Seven members of the management team acknowledge that there was a climate of tension and mistrust.

The independent report found evidence of bullying, harassment, sexism and racism.

Poor handling of an effort to decentralise the organisation from its global headquarters in London and put staff in high-risk regions put workers' lives in unnecessary turmoil, the review, revealed late last month, said.

Working conditions at Amnesty were exposed in the review, launched after two staff members died by suicide last year, that found "organisational culture and management failures" were the root cause of deep staff unhappiness.
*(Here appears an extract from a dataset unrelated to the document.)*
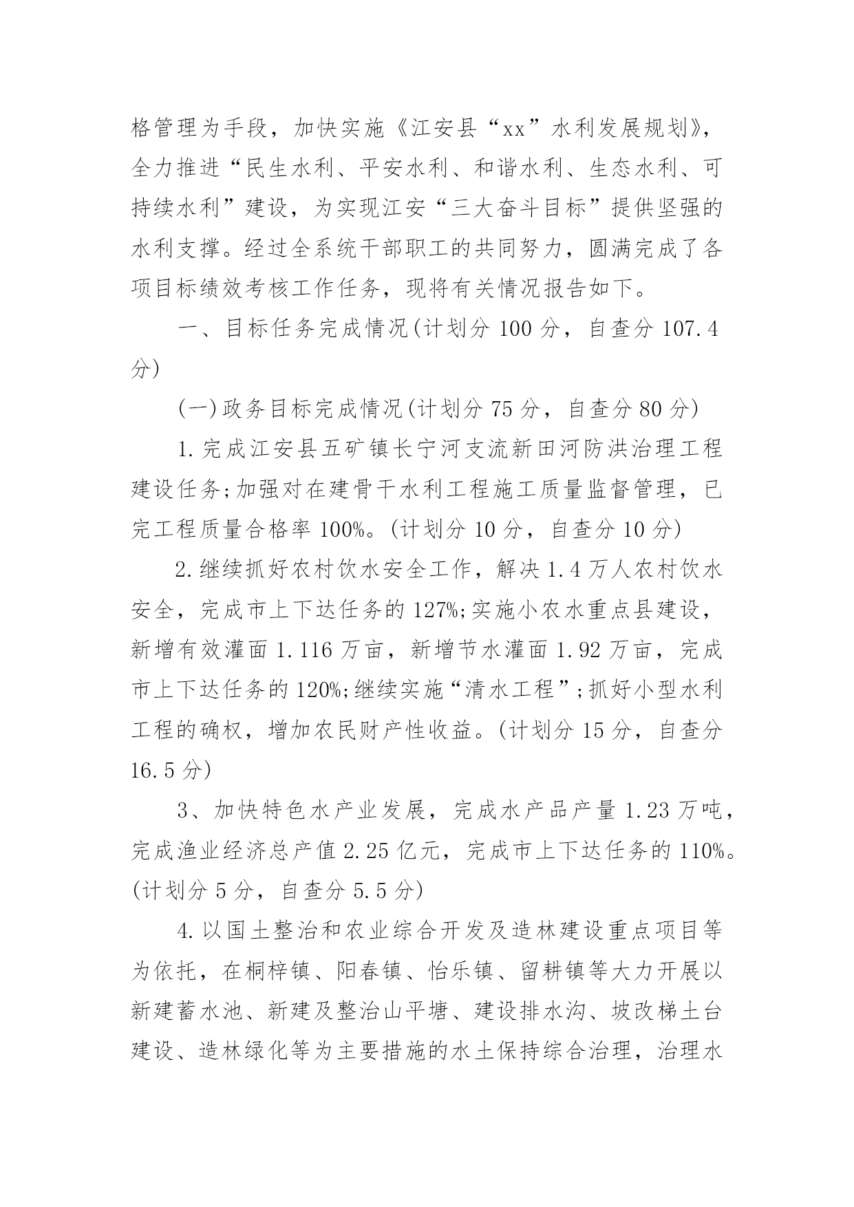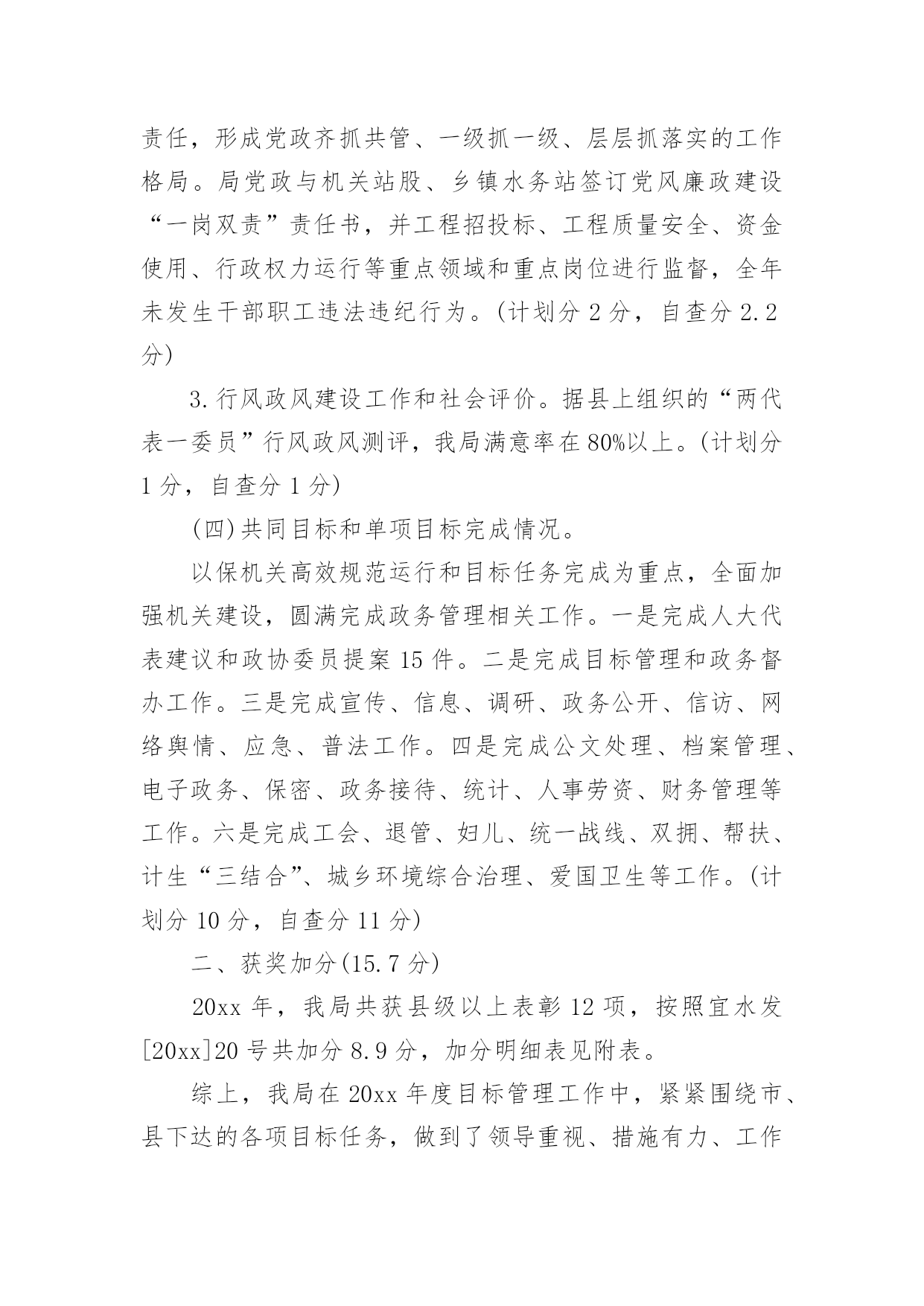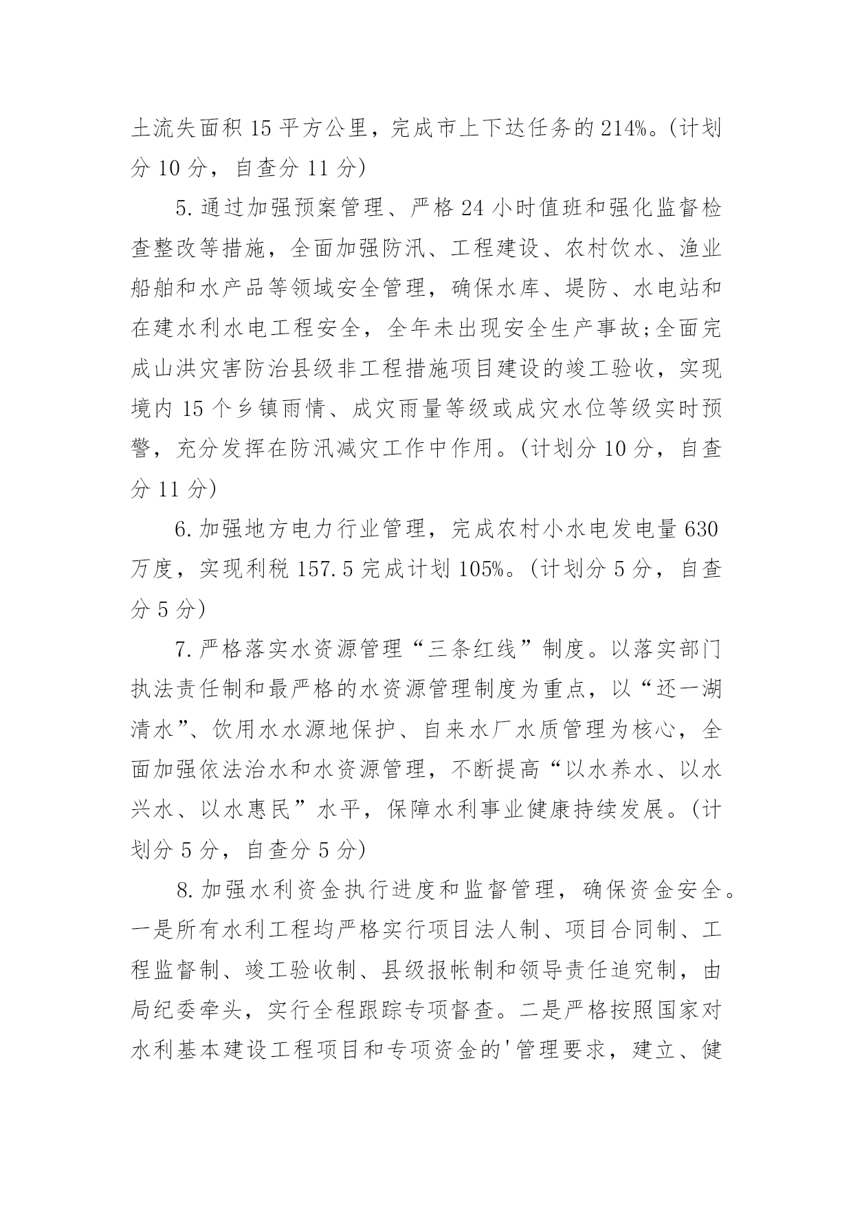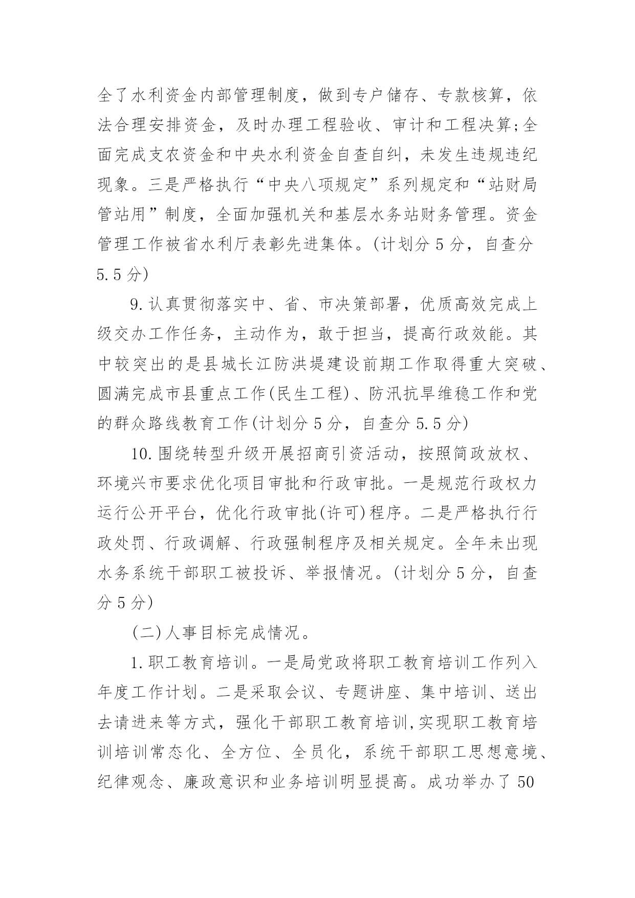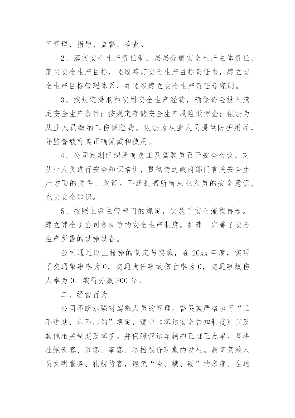 质量考核自查报告质量考核自查报告(6篇)在我们平凡的日常里,报告使用的频率越来越高,我们在写报告的时候要注意涵盖报告的基本要素。那么报告应该怎么写才合适呢?以下是小编精心整理的质量考核自查报告,仅供参考,欢迎大家阅读。质量考核自查报告1根据《山东省道路运输企业质量信誉考核实施办法(试行)》规定,我公司对本运输企业及客运站20xx年度的质量信誉情况进行了认真考核,并对各项考核标准逐一打分,实得总分为1075分;企业质量信誉等级自评结果为AAA级。现将自评结果报上,请予以核定。本运输企业及客运站自评分项得分情况如下:一、安全管理我公司为贯彻“安全第一、预防为主,综合治理”的安全生产方针,实现把住汽车客运站安全生产源头关,落实公司各部门安全生产主体责任;有效预防和减少因汽车客运站源头管理不到位而引发的安全事故这一总体目标,制定了一系列措施。1、公司成立了以总经理为组长的,由各职能科室负责人组成的安全领导小组。设立了安全科,安全科成员是专职安全管理人员。以上安全管理机构负责对本单位安全生产进行管理、指导、监督、检查。2、落实安全生产责任制.层层分解安全生产主体责任,落实安全生产目标,逐级签订安全生产目标责任书,建立安全生产目标管理体系,并逐级建立安全生产责任追究制。3、按规定提取和使用安全生产经费,确保资金投入满足安全生产条件;按规定存储安全生产风险抵押金;依法为从业人员缴纳工伤保险费。依法为从业人员提供防护用品,并监督教育其正确佩戴和使用。4、公司定期组织所有员工及驾驶员召开安全会议。对从业人员进行安全知识培训,贯彻传达政府部门有关安全生产方面的文件、政策。不断提高所有从业人员的安全意识,充实安全知识。5、按照上级主管部门的规定,实施了安全流程再造。建立健全了公司各岗位的安全生产制度。扩建、完善了安全生产所需的设施设备。公司通过以上措施的制定与实施,在20xx年度,实现了交通肇事率为0,交通责任事故伤亡率为0,交通事故伤人率为0。实得分数300分。二、经营行为公司不断加强对驾乘人员的管理。督促其严格执行“三不进站、六不出站”规定,遵守《客运安全告知制度》以及其他相关制度及客规。并保障营运车辆的正班正点率。坚决杜绝倒客、甩客、宰客、私抬票价现象的发生。教育驾乘人员文明服务、礼貌待客,避免“冷、横、硬”的态度。在运输途中,积极为旅客排忧解难。驾驶员上岗需经严格考核,保证其驾驶证、资质证齐全有效。一年来,我公司经营违章率为0。实得分数200分。三、服务质量我公司始终坚持“服务第一,旅客至上”的原则,不断加强对员工的业务技能培训及思想道德教育。并加强站务员客运服务礼仪培训,通过言谈、行为、举止等,对旅客表示尊重和友好。使旅客产生宾至如归之感。大大提高企业和员工的自身形象。取得了良好的社会信誉。同时公司能够认真接待旅客来访,积极为旅客解决疑难问题。一年来社会投诉率为0。实得分数200分。四、社会责任公司能够按时足额缴纳国家规定的相关费用,并为全部营运车辆统一投保承运人责任险。实得分数150分。五、企业管理1、安全生产管理(实得分数20分)公司成立了以总经理王和林为主任,副经理高贵勇为副主任,安全科长、安全员为成员的安全生产委员会,负责对公司的安全工作进行监督检查。并建立健全了各种管理制度。公司于20xx年按照上级主管部门的要求完成了安全流程再造。对检车台、危险品安检仪进行了改建、扩建,实行人车分离。对驾驶员的`“五证一卡”进行严格检查,证件不全或无效的驾驶员及车辆一律禁止参加营运。2、质量管理(实得分数20分)公司自20xx年实行ISO9001质量体系以来,公司成立了内审检查小组,负责质量管理体系的监督检查。并连年通过中鉴认证公司的复核,从而进一步提高了企业的服务质量和管理水平。3、从业人员管理(实得分数20分)公司一直以来加强对从业人员的管理,严格按规定资格条件聘用从业人员,对上岗从业人员进行认真考核。必须符合应聘条件后方可允许其上岗。4、科技进步及先进管理应用(实得分数20分)公司营运车辆全部按规定安装了GPS监控系统。并于20xx年更新升级了更加先进的全国联网联控的卫星监控设备。设立两处GPS监控室,配备专人实行24小时轮流监控。并建立监控记录。5、车辆管理(实得分数20分)建立健全营运车辆二级维护台帐。按照规定对营运车辆进行维护和检测。保障车辆技术状况良好。车辆年审合格率达到95%以上。6、质量信誉档案(实得分数20分)公司各部门按要求建立健全了各项质量信誉档案。保持真实有效、连贯有序。并有专职人员负责记录保管。7、企业稳定(实得分数25分)公司的管理始终坚持科学规范、严谨有序。因此从未导致发生违反《信访条例》规定,出现过激行为、严重扰乱政府办公或社会秩序、造成恶劣社会影响的事件。保障了社会的稳定。六、加分项目1、企业形象(实得分

The poor management compounded job pressures for the Amnesty staff of about 2,500 who routinely work on cases of detentions, disappearances, killings, torture and other human rights abuses around the world, an external review found.
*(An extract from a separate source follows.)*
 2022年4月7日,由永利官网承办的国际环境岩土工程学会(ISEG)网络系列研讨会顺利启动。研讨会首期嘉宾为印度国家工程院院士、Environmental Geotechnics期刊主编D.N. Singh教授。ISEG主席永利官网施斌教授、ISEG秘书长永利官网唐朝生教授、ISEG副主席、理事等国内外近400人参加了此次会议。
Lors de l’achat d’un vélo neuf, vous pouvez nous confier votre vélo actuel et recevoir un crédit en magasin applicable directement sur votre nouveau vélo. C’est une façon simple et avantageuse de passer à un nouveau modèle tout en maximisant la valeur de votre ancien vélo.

Amnesty's senior leadership team members wrote in their letter that they "take shared responsibility for the climate of tension and mistrust.
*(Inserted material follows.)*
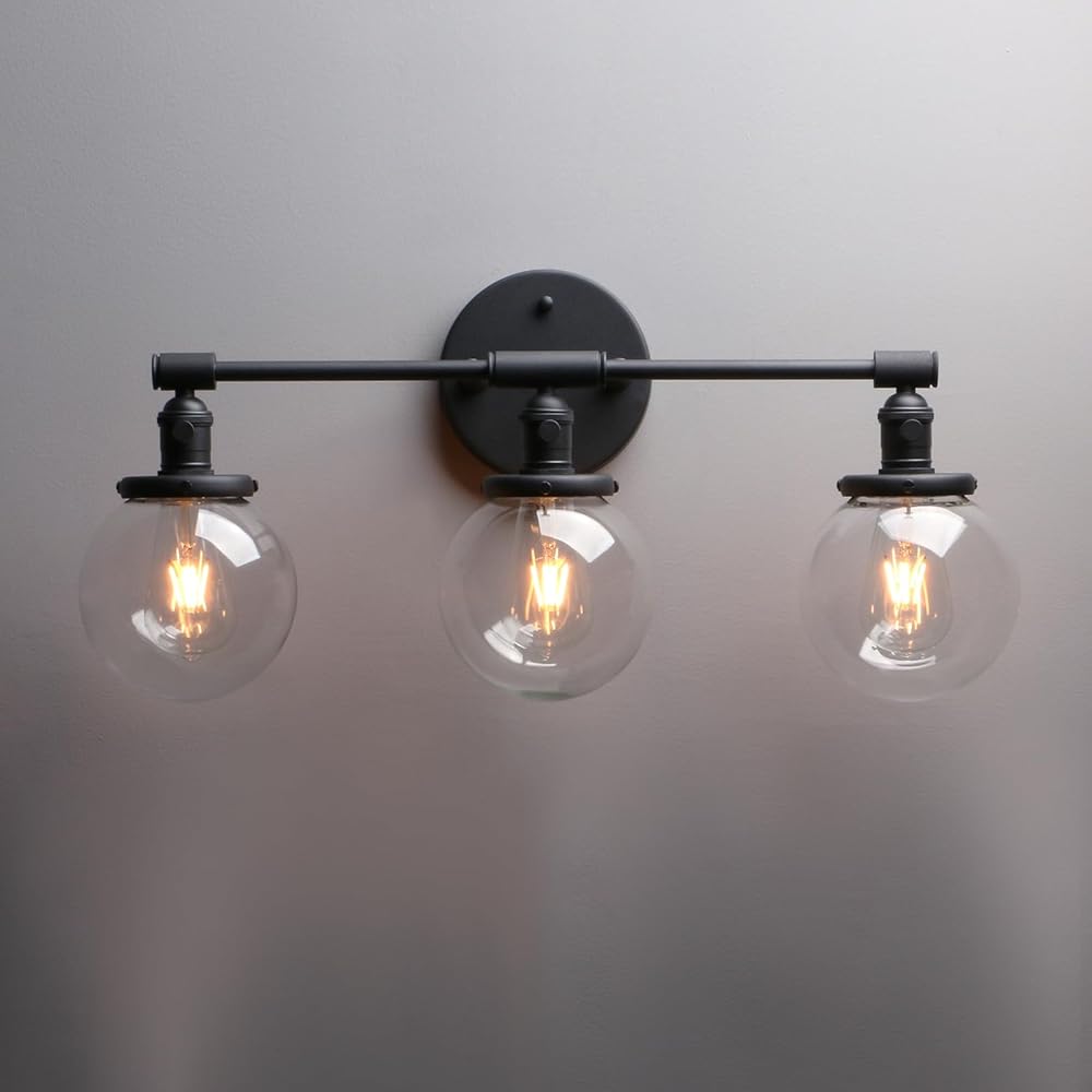 Phansthy 3 Light Wall Sconce Bathroom Vanity Light Black Sconce Light Fixture with 5.6 Inches Round Glass Canopy, Black

"Whilst it was never our intention to inflict pain on anyone, we must accept that this did unfortunately occur," they said in the letter. 

"Everyone of us is ready to step aside," they said.

Amnesty International Secretary-General Kumi Naidoo said he may not accept all the resignation offers but that his priority is to rebuild trust.

"These are dangerous times, and Amnesty is needed now more than ever," he wrote in an emailed statement.
 

Triggering the review were the deaths of Gaetan Mootoo, a 30-year Amnesty veteran who took his own life in Paris in May 2018,leaving a note citing work pressures, and Rosalind McGregor, a 28-year-old intern in Geneva who died by suicide in July 2018.

Efforts by the organisation to address its problems have been "ad hoc, reactive, and inconsistent," the report said, and the senior leadership team was described by staff as out-of-touch, incompetent and callous.

The leadership team members signing the letter were the senior directors of research, the secretary-general's office, global fundraising, global operations, people and services, law and policy and campaigns and communications.